Could you return all of the records exactly, minus their images?

**DATA FOR THIS EXERCISE:**

◇ ◇ ◇

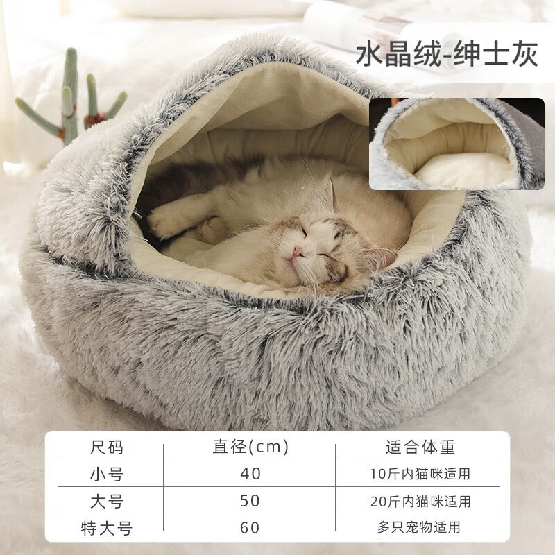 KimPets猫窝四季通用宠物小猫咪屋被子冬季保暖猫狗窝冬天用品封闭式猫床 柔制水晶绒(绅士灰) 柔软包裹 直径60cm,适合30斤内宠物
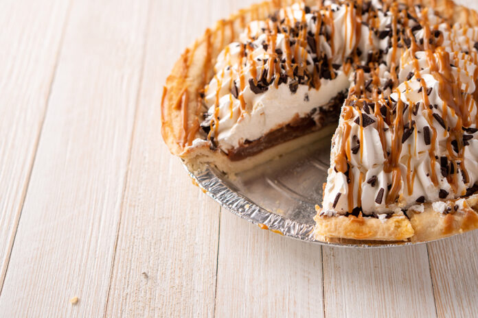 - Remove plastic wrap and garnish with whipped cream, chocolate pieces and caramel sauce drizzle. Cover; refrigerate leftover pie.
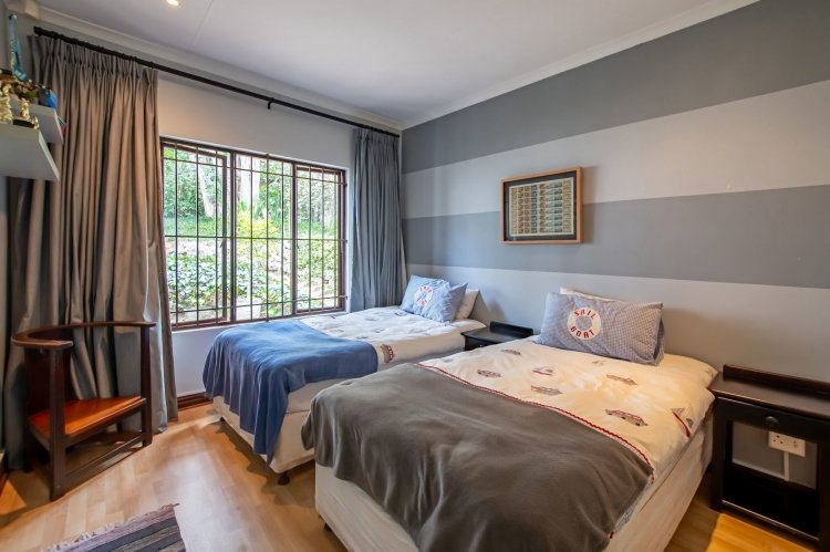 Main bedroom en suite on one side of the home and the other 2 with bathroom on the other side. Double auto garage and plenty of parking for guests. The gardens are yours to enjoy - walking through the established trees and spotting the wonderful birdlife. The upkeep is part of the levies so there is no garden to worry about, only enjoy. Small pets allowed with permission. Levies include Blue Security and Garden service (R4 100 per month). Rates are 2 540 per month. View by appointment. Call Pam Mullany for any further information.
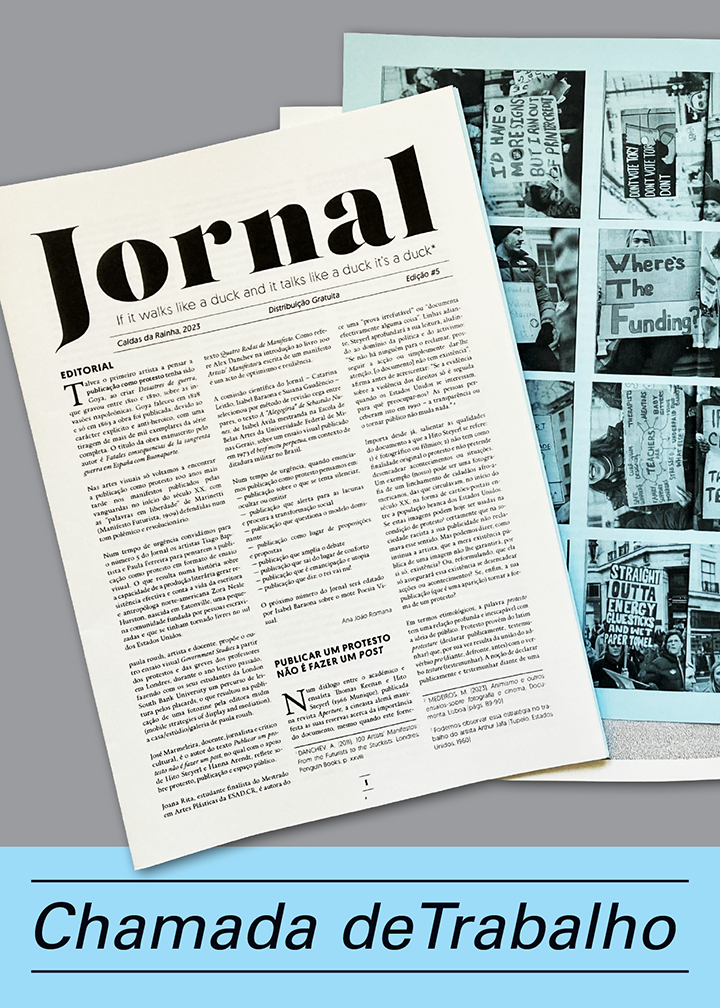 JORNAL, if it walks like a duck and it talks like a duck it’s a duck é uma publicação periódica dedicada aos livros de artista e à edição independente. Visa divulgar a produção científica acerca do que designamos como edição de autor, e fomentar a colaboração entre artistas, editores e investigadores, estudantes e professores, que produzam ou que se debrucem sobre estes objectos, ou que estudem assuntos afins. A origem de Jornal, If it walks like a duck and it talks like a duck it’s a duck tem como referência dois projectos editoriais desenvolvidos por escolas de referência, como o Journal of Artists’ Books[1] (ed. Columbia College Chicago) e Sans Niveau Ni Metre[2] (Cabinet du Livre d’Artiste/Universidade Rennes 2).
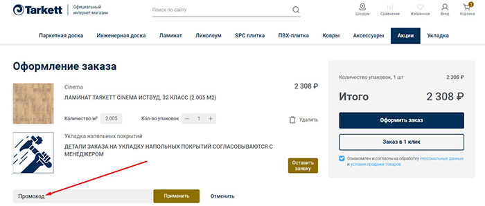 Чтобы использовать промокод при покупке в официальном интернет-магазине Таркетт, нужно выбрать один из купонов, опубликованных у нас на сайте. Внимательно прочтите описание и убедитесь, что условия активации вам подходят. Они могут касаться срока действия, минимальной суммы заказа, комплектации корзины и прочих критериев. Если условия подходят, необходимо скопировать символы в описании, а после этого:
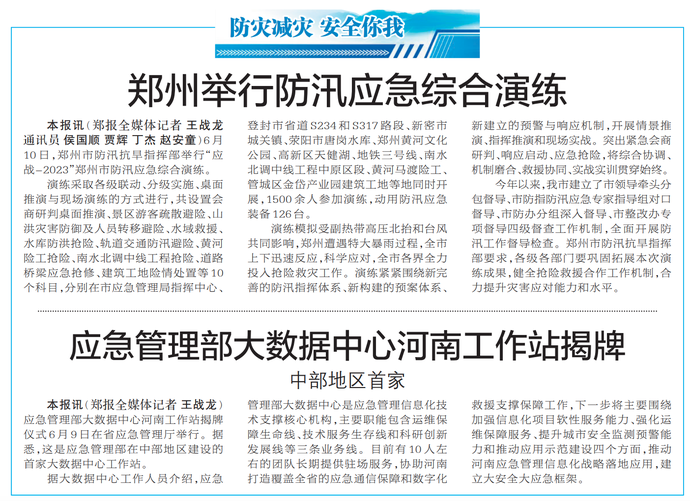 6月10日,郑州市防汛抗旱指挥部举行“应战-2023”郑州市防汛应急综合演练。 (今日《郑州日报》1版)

◇ ◇ ◇

**RESPONSE:**
 KimPets猫窝四季通用宠物小猫咪屋被子冬季保暖猫狗窝冬天用品封闭式猫床 柔制水晶绒(绅士灰) 柔软包裹 直径60cm,适合30斤内宠物
 - Remove plastic wrap and garnish with whipped cream, chocolate pieces and caramel sauce drizzle. Cover; refrigerate leftover pie.
 Main bedroom en suite on one side of the home and the other 2 with bathroom on the other side. Double auto garage and plenty of parking for guests. The gardens are yours to enjoy - walking through the established trees and spotting the wonderful birdlife. The upkeep is part of the levies so there is no garden to worry about, only enjoy. Small pets allowed with permission. Levies include Blue Security and Garden service (R4 100 per month). Rates are 2 540 per month. View by appointment. Call Pam Mullany for any further information.
 JORNAL, if it walks like a duck and it talks like a duck it’s a duck é uma publicação periódica dedicada aos livros de artista e à edição independente. Visa divulgar a produção científica acerca do que designamos como edição de autor, e fomentar a colaboração entre artistas, editores e investigadores, estudantes e professores, que produzam ou que se debrucem sobre estes objectos, ou que estudem assuntos afins. A origem de Jornal, If it walks like a duck and it talks like a duck it’s a duck tem como referência dois projectos editoriais desenvolvidos por escolas de referência, como o Journal of Artists’ Books[1] (ed. Columbia College Chicago) e Sans Niveau Ni Metre[2] (Cabinet du Livre d’Artiste/Universidade Rennes 2).
 Чтобы использовать промокод при покупке в официальном интернет-магазине Таркетт, нужно выбрать один из купонов, опубликованных у нас на сайте. Внимательно прочтите описание и убедитесь, что условия активации вам подходят. Они могут касаться срока действия, минимальной суммы заказа, комплектации корзины и прочих критериев. Если условия подходят, необходимо скопировать символы в описании, а после этого:
 6月10日,郑州市防汛抗旱指挥部举行“应战-2023”郑州市防汛应急综合演练。 (今日《郑州日报》1版)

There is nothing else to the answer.